We then searched for PRMT5 substrates using iTRAQ analysis of cytosolic and nuclear protein extracts from oligodendrocyte lineage cells with PRMT5 knocked down compared to control cells, immunoprecipitated with antibodies recognizing symmetrically methylated arginine residues. We only analyzed peptides with symmetrically methylated arginine residues in control, but not in PRMT5 knockdown cells. We then obtained the proteins corresponding to those peptides and eliminated from the results any molecule whose transcripts we had previously reported to be downregulated in Prmt5 knockdown cells (Scaglione et al., 2018). This left us with the identification of 57 protein substrates identified in the nuclear and cytosolic extracts. In common with many cell lines (Musiani et al., 2019; Radzisheuskaya et al., 2019; Li et al., 2021; Mulvaney et al., 2021), we detected the majority of PRMT5 substrates involved in RNA splicing and processing. Among the common PRMT5 substrates (Musiani et al., 2019; Radzisheuskaya et al., 2019; Li et al., 2021; Mulvaney et al., 2021), we identified: ROA1, a protein regulating translation at the internal ribosomal entry site (Gao et al., 2017), the ribosomal protein RS10, whose arginine methylation is essential for proper ribosome assembly, and the zinc-finger protein ZN326, enriched in the oligodendrocyte lineage (Zhang et al., 2014; Sharma et al., 2015) and regulated throughout development, with the highest expression in neuronal tissues in E11.5 embryos (Lee et al., 2000). ZN326 complexes with nuclear messenger ribonucleoproteins (mRNPs) and Deleted in Breast Cancer 1 (DBC1) to form the regulatory DBIRD complex. The DBIRD complex binds to RNA polymerase II (RNAPII) and regulates alternative splicing (exon skipping) by facilitating transcriptional elongation at junctions between introns and AT rich exons (Close et al., 2012; Rengasamy et al., 2017). By symmetrically methylating ZN326, PRMT5 ensures the exclusion of AT rich exons as their inclusion has profound destabilizing effects on RNA (Close et al., 2012; Rengasamy et al., 2017). ZN326 has also been reported to positively regulate the WNT pathway and HDAC transcription activities in glioma (Yu et al., 2019), both implicated in timing of oligodendrocyte development in the central nervous system (Marin-Husstege et al., 2002; Conway et al., 2012).

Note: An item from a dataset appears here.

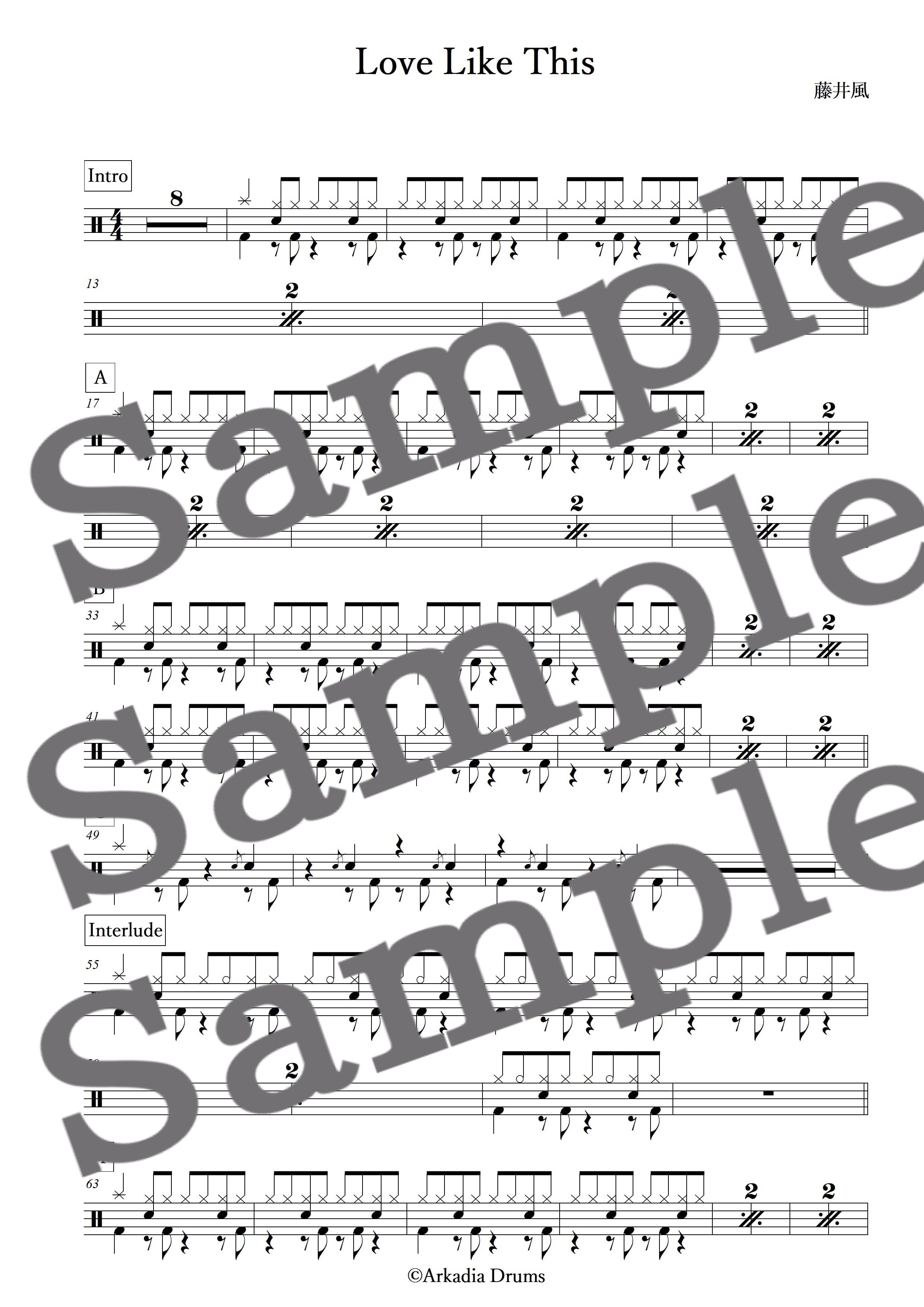 ドラムのみの楽譜であること、また大きめのセクションマークを配置しているので、演奏中でも迷いにくいのが特徴です。

Among the protein substrates uniquely identified in the oligodendrocyte lineage cells we found several proteins enriched in neural tissue, such as chromatin remodeling protein BAZ1A, the ATP-dependent helicase DHX9 and several molecules regulating the microtubule and actin cytoskeleton, including WASL, BORG5, and NDE1. We also detected HNRPD, a component of a family of proteins regulating the maturation of the heterogeneous nuclear RNAs (hnRNAs) into messenger RNAs (mRNA) and their subsequent translation (Geuens et al., 2016). Due to its affinity of for AU-rich mRNA-destabilizing sequence in the 3′-UTR region of mRNA, HNRPD is thought to regulate mRNA decay (Fialcowitz et al., 2005), such as the half-life of immediate-early genes and the circadian regulation of circadian rhythm genes, such as Cry and Per (Kojima et al., 2011).

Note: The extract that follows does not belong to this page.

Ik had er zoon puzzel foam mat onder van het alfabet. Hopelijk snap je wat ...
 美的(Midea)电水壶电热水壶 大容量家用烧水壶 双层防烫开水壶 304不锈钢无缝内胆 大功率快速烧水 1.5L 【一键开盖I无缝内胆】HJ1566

PRC2C, an RNA-binding protein seen in few studies (Baltz et al., 2012; Castello et al., 2012, 2016), is an additional PRMT5 substrate that is unique to oligodendrocyte lineage cells. In a recent study in neural cells, PRC2C and PRC2A were both identified as novel readers of N6-methyladenosine (m6A), a methylated adenosine modification in mRNA (Wu et al., 2019). While the role of PRC2C protein in oligodendrocyte lineage cells is yet to be investigated, a closely related protein, PRC2A has been shown to control oligodendroglial specification and myelination (Wu et al., 2019).

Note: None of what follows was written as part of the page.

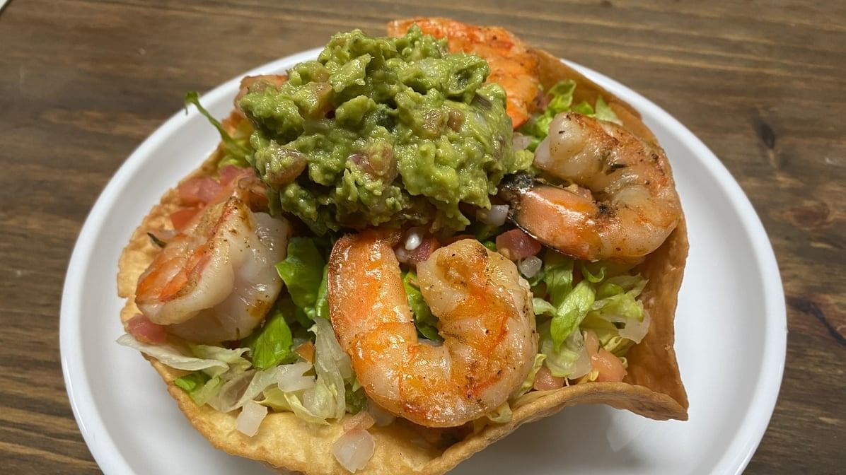 A crispy flour tortilla shell filled with lettuce. Topped. with pico de gallo, guacamole & choice of meat.
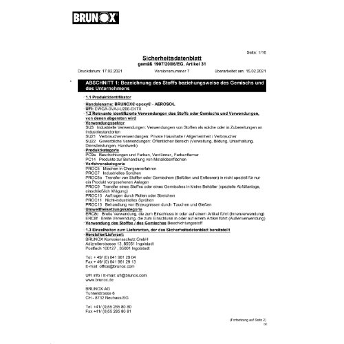 Hersteller: BRUNOX AG, Postfach 100127, 85001 Ingolstadt, DE, +49 8419612904, admin@brunox.swiss

In summary, our data suggest a critical role of PRMT5 in regulating mRNA metabolism, but also transcription and translation. A potential limitation of our analysis is the focus on PRMT5 substrates in the cytosolic and nuclear fractions of oligodendrocyte lineage cells, thereby leaving out substrates potentially enriched in other subcellular compartments (such as the plasma membranes or internal organelles). A notable example is the membrane associated PDGFRα, previously identified as PRMT5 target in OPCs (Calabretta et al., 2018). Overall, future studies will be needed to fully elucidate the role of arginine methylation in brain health and in disease states.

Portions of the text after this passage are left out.